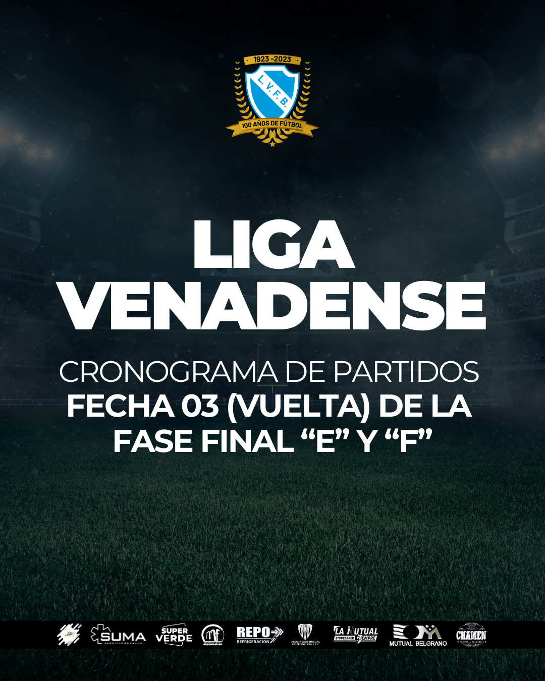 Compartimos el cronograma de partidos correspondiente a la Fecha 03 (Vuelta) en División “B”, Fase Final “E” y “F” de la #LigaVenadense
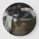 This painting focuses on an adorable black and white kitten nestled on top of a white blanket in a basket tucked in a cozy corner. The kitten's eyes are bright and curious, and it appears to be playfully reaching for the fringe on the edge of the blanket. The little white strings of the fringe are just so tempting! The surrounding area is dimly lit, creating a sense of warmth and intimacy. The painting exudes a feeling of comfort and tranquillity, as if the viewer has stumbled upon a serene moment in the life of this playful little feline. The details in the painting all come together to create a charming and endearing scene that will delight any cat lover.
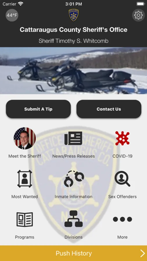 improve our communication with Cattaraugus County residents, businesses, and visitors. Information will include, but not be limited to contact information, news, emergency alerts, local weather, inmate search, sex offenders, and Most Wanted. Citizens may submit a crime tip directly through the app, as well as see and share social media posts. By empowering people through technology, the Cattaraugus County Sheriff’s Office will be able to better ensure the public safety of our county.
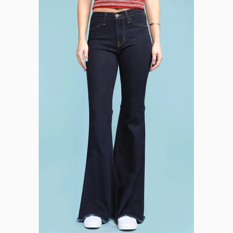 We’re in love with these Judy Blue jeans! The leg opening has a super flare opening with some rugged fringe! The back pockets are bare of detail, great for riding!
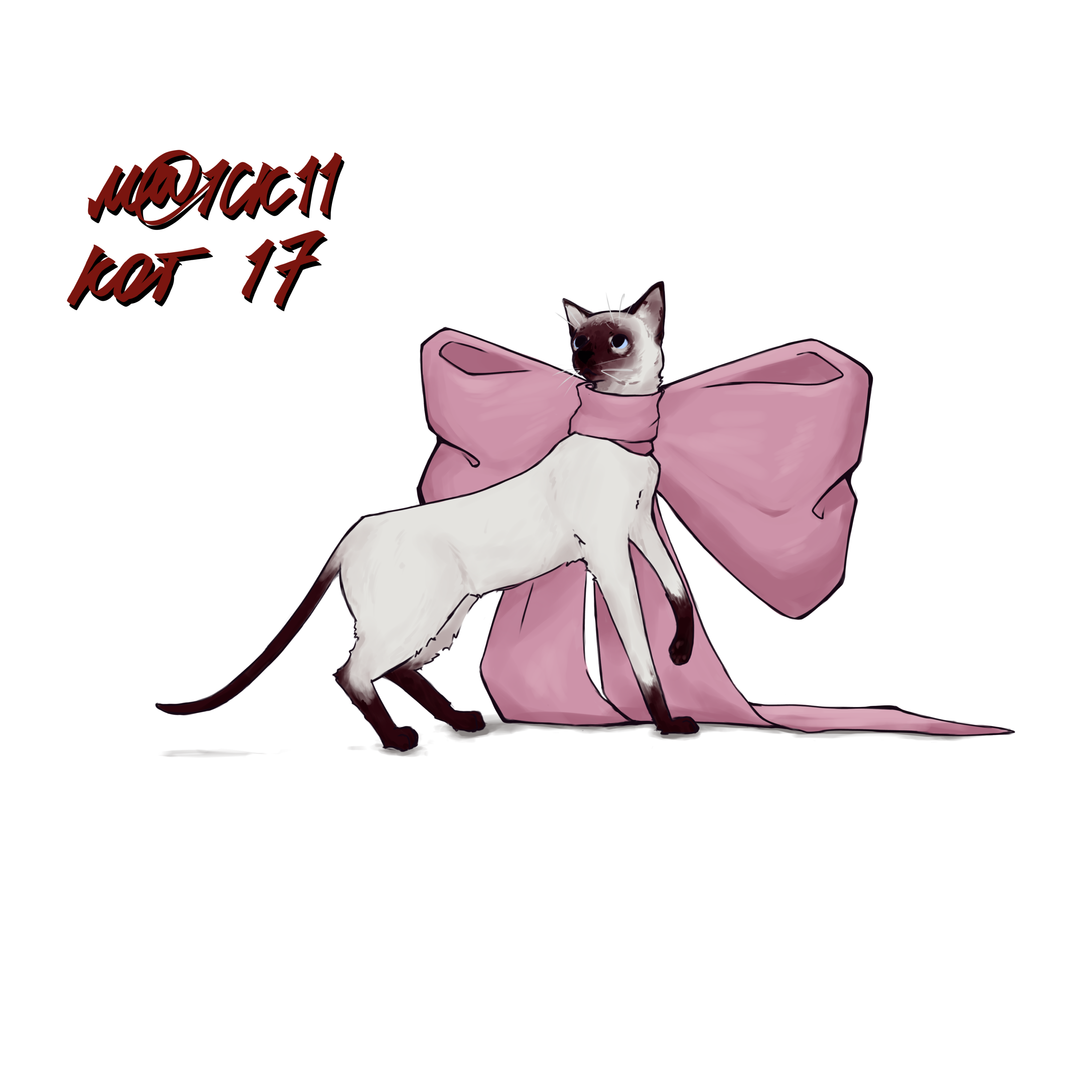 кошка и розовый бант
──────────
> _To do_
Print, with pictures removed, exactly the lines of the records above from the top through the line containing "This painting focuses".

> _Exercise solution_
 Compartimos el cronograma de partidos correspondiente a la Fecha 03 (Vuelta) en División “B”, Fase Final “E” y “F” de la #LigaVenadense
 This painting focuses on an adorable black and white kitten nestled on top of a white blanket in a basket tucked in a cozy corner. The kitten's eyes are bright and curious, and it appears to be playfully reaching for the fringe on the edge of the blanket. The little white strings of the fringe are just so tempting! The surrounding area is dimly lit, creating a sense of warmth and intimacy. The painting exudes a feeling of comfort and tranquillity, as if the viewer has stumbled upon a serene moment in the life of this playful little feline. The details in the painting all come together to create a charming and endearing scene that will delight any cat lover.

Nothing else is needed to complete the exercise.